Mexican outward FDI grew by 23% in 2009 but remained largely concentrated in the Latin American and North American markets, a study shows.
The Vale Columbia Centre for Sustainable International Investment, a US-based academic institution specialising in FDI, examined the largest Mexican companies in terms of foreign assets and found that the country’s outward FDI levels remain strong and are driven by a desire to diversify and raise competitiveness. The 23% gain for the year was preceded by growth of closer to 10% in 2008.
The report said: “Mexican companies also wanted to take advantage of the opportunities offered by economic liberalisation in Latin America and their background as exporters of manufactured goods. In Central America, they exploited low labour costs and, in the US and Europe, they exploited input quality and skilled labour. More recently, the strength of the Asian markets has begun to attract investment from some Mexican multinationals.”
The most globalised Mexican firms, according to the report, were Cemex, Bimbo, ALFA, Gruma and Mexichem.

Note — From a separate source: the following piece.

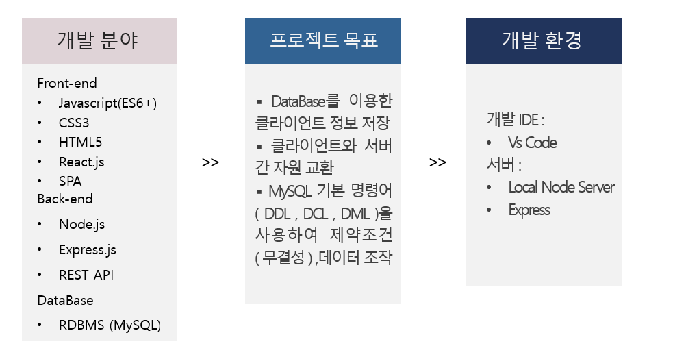 프론트엔드와 백엔드의 기본 지식을 다지기 위해 진행된 프로젝트 입니다. 클라이언트에 깔끔한 디자인과 정렬된 데이터 노출 , 데이터베이스를 이용해 데이터 일관성과 제약조건을 이용해 데이터 무결성을 유지시키는데 많은 도움이 된 프로젝트입니다. 비록 대학 공부와 병행하는 프로젝트기에 시간이 많이 걸렸으나 그 이외에 어려웠던것은 없었습니다. 기능적으로 만족하는 프로젝트이지만 보안이나 오픈소스활용 , 대중적인 서버 프레임워크를 사용하지 못한 아쉬움이 크지만 이후에 심화과정을 통해 더욱더 많은 지식으로 프로젝트를 진행할 것 입니다.

The sectors benefiting the most from this growth, and recording the most FDI, were telecommunications and non-metallic minerals. Telecoms, which made up 40% of the investments, and non-metallic minerals have traditionally been the most robust Mexican FDI sectors. The food and beverage sector, which made up 10% of FDI, has also been a popular sector in the past.
The picture was not entirely rosy, however. The global crisis especially hurt Mexico's construction sector, which caused building materials company Cemex to sell some of its production plants in Austria and the US. Worsening conditions then caused the firm to sell another unit, its subsidiary in Australia, to the Holcim Group.
There were also mixed signals on job creation by Mexican firms. While the total employment figures of the country's top 20 companies fell by 13% in 2009, their foreign employment grew by 15%. Food company Grupo Bimbo was the country's top foreign employer, with 40,000 jobs overseas. It is also the largest Mexican employer in the US.
Overall, the report was positive on Mexico’s future prospects for FDI, but did criticise the government for what it saw as insufficient effort.
It said: “While the government has made serious efforts to develop policies designed to attract and promote inward investment in Mexico, it has made few such efforts to promote outward investment by Mexican companies.
“Since 1986, the Mexican government has focused its efforts on promoting exports, with the result that its economic strategy has leaned toward negotiating instruments such as the Nafta [North American Free-Trade Agreement]. The priority has been foreign trade, not investment abroad.”